Dr Calum Mackellar, Director of Research of the Scottish Council on Human Bioethics, said:

"Assisted dying denies dignity in dying and the inherent dignity of life.

"Choosing assisted dying means deciding that my life no longer has any meaning, worth or value.

"Assisted suicide undermines the basis of the whole of society in order to fulfil the fundamentalist demands of a very small minority and promotes the idea that if a person is of no use they should be killed.

"Assisted suicide promotes the idea that there is no place for lives that are dependent on others and that to be dependent on others is unacceptable.

"A "Right to Die" on behalf of an individual implies a "Right to Kill" on behalf of society. All members of society will then share in the responsibility of the killing."

Michael Veitch, Scotland Policy Officer at Christian Action Research and Education (CARE), said:

"The evidence of assisted suicide's dangers is significant and has not changed since past debates in the Scottish Parliament. In fact, it has grown significantly given events in jurisdictions such as Canada. If this practice becomes an option for patients in Scotland, the 'right to die' could become a 'duty to die' for those who feel they are a burden.

"Terminal prognoses are fraught. Coercion of patients is impossible to rule out, as is expansion of legislation. Expert doctors warn that end-of-life care would be severely impacted. And disabled people warn that 'assisted dying' sends a regressive message about their quality of life. We urge MSPs in all parties to reject this bill at the earliest possible stage."

Chris Ringland, Public Policy Officer, of the Evangelical Alliance Scotland said:

"We are deeply concerned about the implications of this Bill and the message it sends about how we value our family and friends who are at the end of their life. Rather than providing autonomy and freedom, this proposed law would fundamentally change our NHS and palliative care, creating disturbing anxiety for terminally ill patients about "being a burden" by continuing to live.

"Our membership believes everyone is created equal in the image of God - and therefore terminally ill patients shouldn't have to think twice about whether their life is worth continuing."


CNK emphasises the following points:

  • Any change in the law to allow assisted suicide would place pressure on vulnerable people to end their lives for fear of being a financial, emotional or care burden upon others.
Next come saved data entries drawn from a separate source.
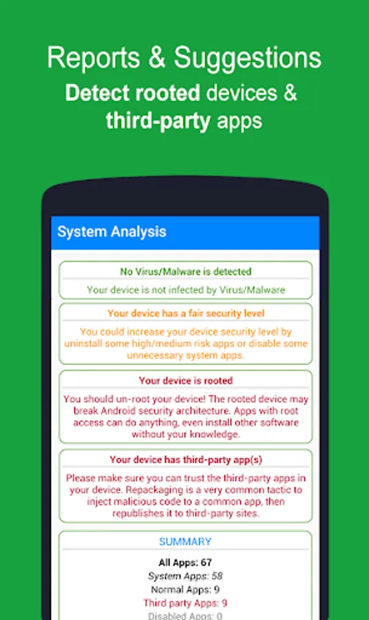 ★ Check rooted device: The rooted device break Android security architecture. Apps with root access can do anything; even install other software without your knowledge. You should un-root your device if it is rooted.
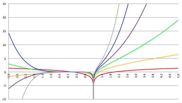 De grafiek van f (x) = xp/(x − a) voor p = 0 (de rode lijn),
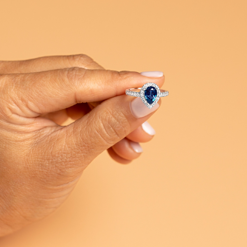 • dank der Fassung mit weißen Lab Grown Diamanten im Halo-Stil kommen seine schönen blau-violetten Reflexe besonders gut zur Geltung
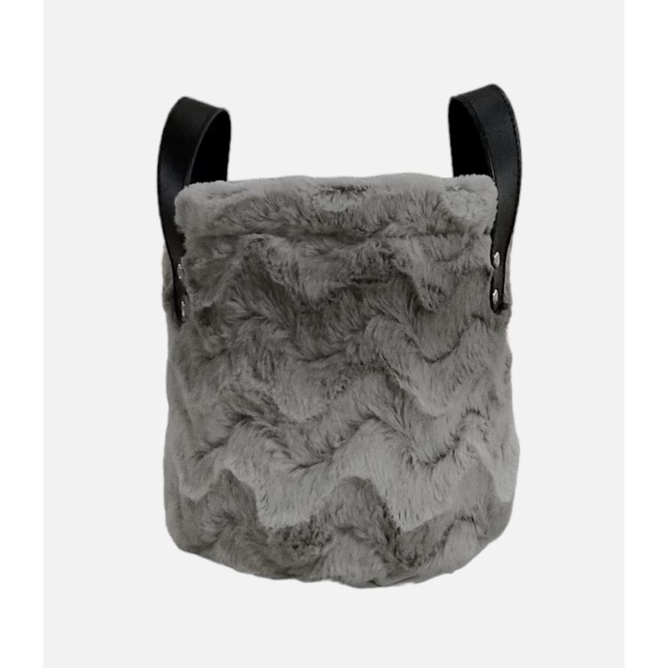 Cesto rotondo in peluche grigio con manici, 24 x 24 cm
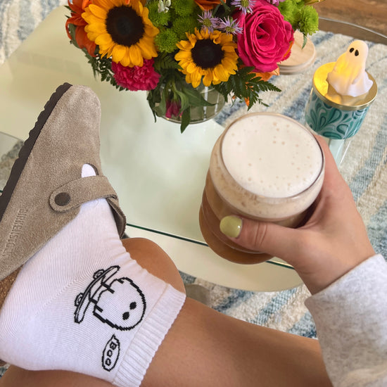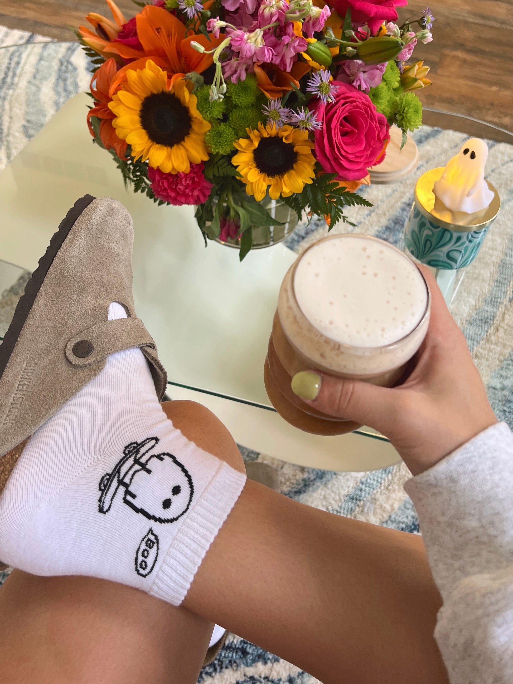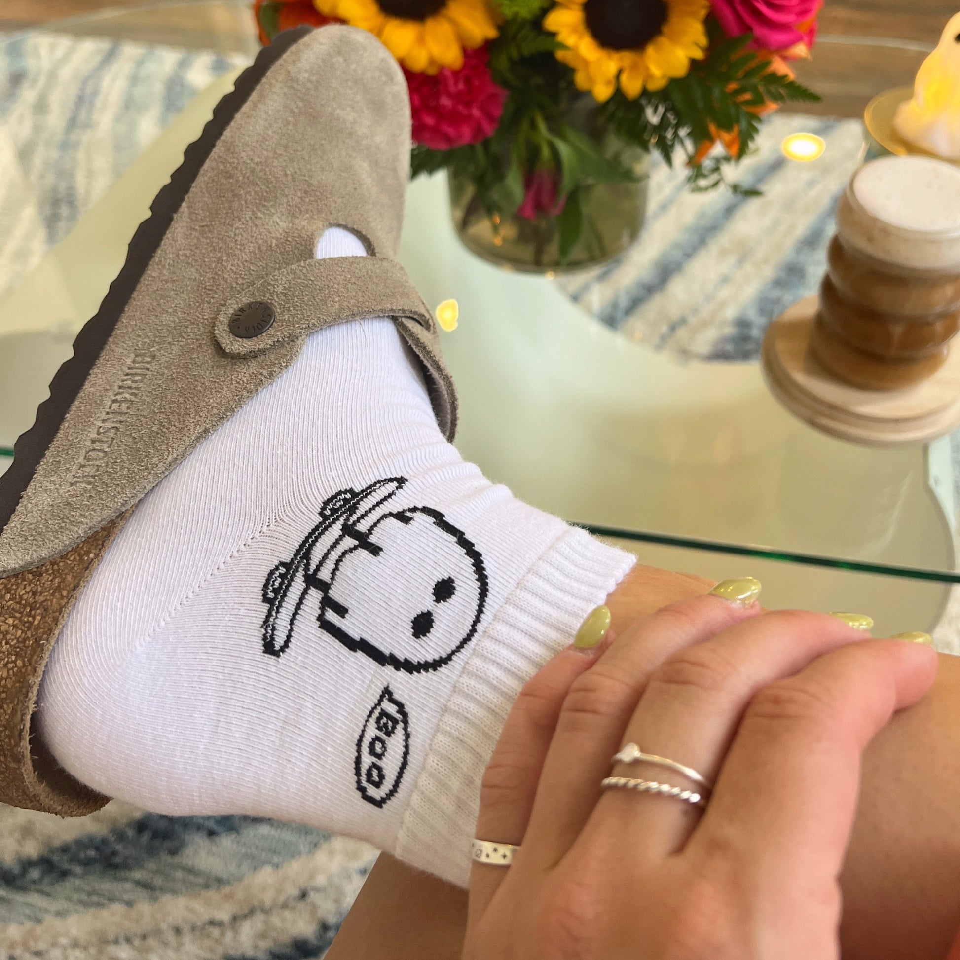 Everyone's favorite ghost is now available in socks. These socks are unisex and stretchy. Perfect for cozy days inside or to pair with your fave shoes! The design is printed on both sides above the ankle.
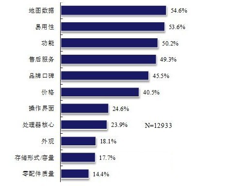 GPS由于集多种功能于一身,所以消费者在购买GPS时的看重因素也呈现多样性,“地图数据”、“易用性(如安装和使用都很容易)”、“功能”、“售后服务(如地图升级)”、“品牌口碑”、“价格”等都受到广泛关注。
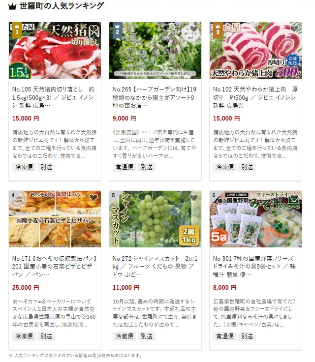 世羅町で人気の返礼品は、広島県産の新鮮な天然猪肉です。切り落とし約1.5kgとやわらかい厚切り約500gが特に好評です。他にもハーブガーデン向けの19種類の中から厳選された9種の苗のアソートセットも人気で、自宅の庭やテラスで気軽に楽しめます。
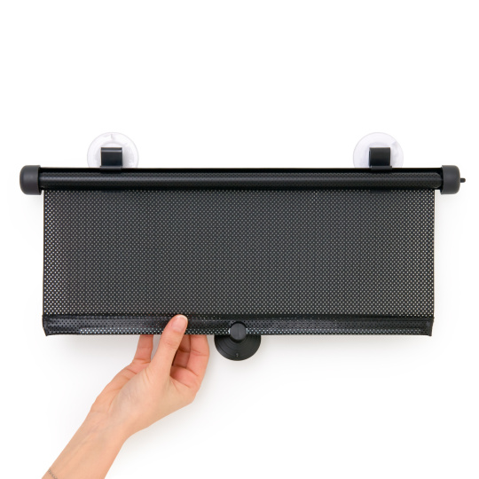 Jednoduché připevnění // Roletu lze připevnit buď pomocí dvou věšáčků s háčkem přímo na okno vozidla, nebo pomocí extra silné přísavky na okenní tabuli. Tato sluneční ochrana se vyroluje zmáčknutím tlačítka po straně vodící lišty. 2 ks v balení.
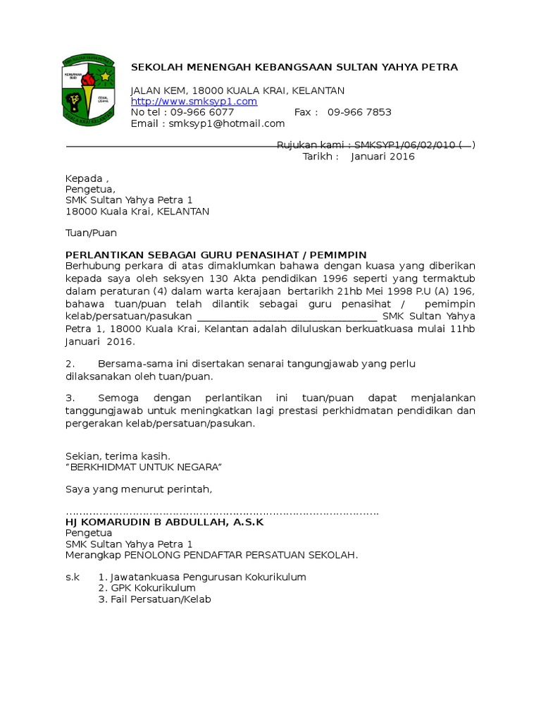 Surat Pelantikan Sebagai Guru Penasihat from imgv2-2-f.scribdassets.com These sentences come from external sources and may not be accurate. Penasihat guru informasi bermanfaat untuk pendidikan. Bab.la is not responsible for their content. If you want to learn penasihat in english, you will find the translation here, along with other translations from indonesian to english. Contextual translation of guru penasihat into english. We ( am, are, is ). Tugas dan tanggungjawab guru penasihat kokurikulum. The bus ( come / comes ).
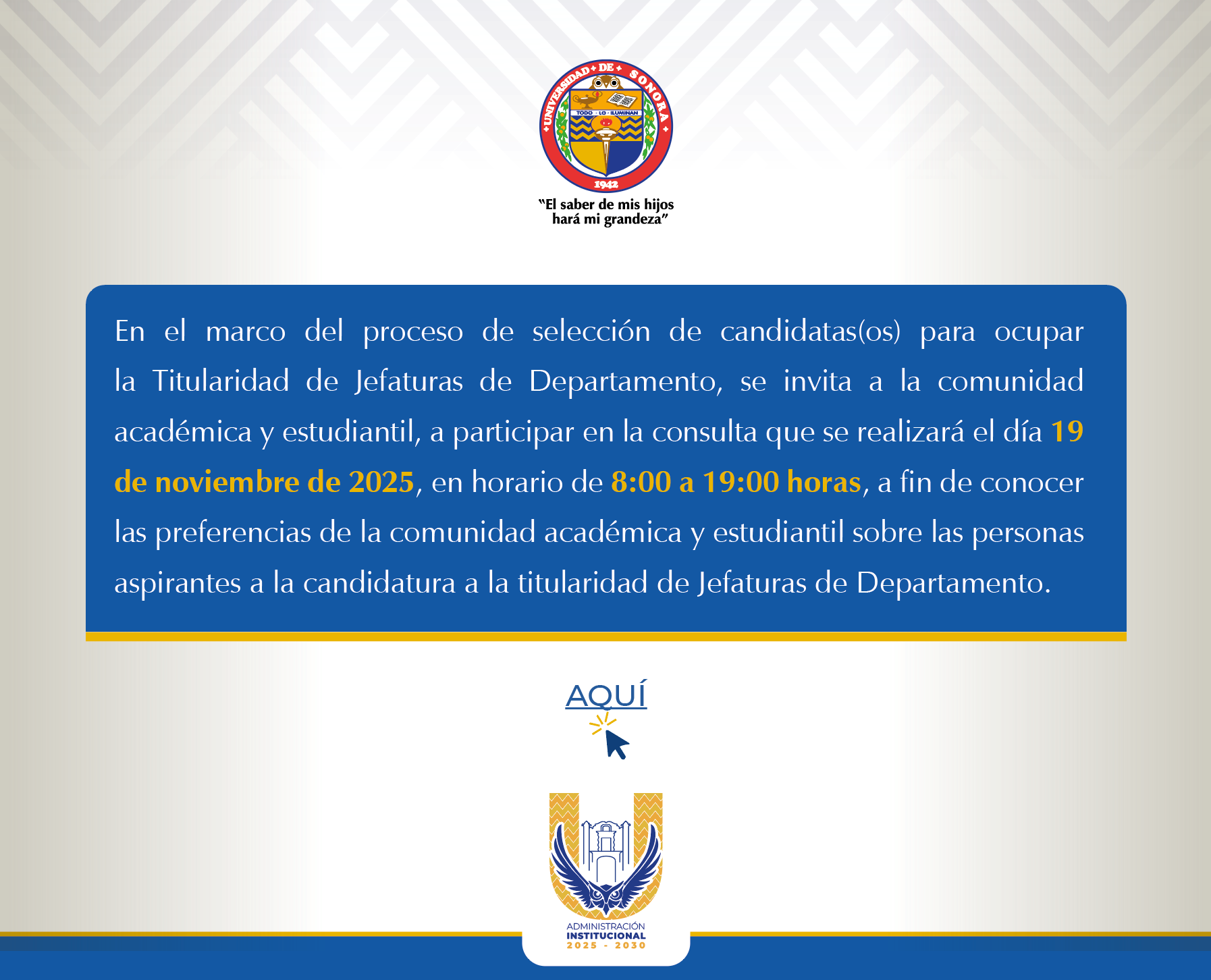 La Universidad de Sonora es una Institución de Educación Superior autónoma y de servicio público fundada en 1942. Es el más valioso patrimonio social del estado de Sonora por la magnitud y calidad de sus recursos humanos y materiales, el número de estudiantes, la calidad de la educación que ofrece, la presencia de sus egresados y por su impacto en la historia y el progreso regional.

This would especially affect people who are disabled, elderly, sick or depressed.
  • The pressure people will feel to end their lives if assisted suicide or euthanasia is legalised will be greatly accentuated at this time of economic flux with families and health budgets under pressure.
  • Elder abuse and neglect by families, carers and institutions is real and dangerous and this is why strong laws are necessary.
  • If assisted suicide or euthanasia is legalised any 'safeguards' against abuse, such as limiting it to certain categories of people, are unlikely to work. Instead, once any so-called 'right-to-die' is established we will see incremental extension with pressure being applied to expand the categories of people who qualify for it.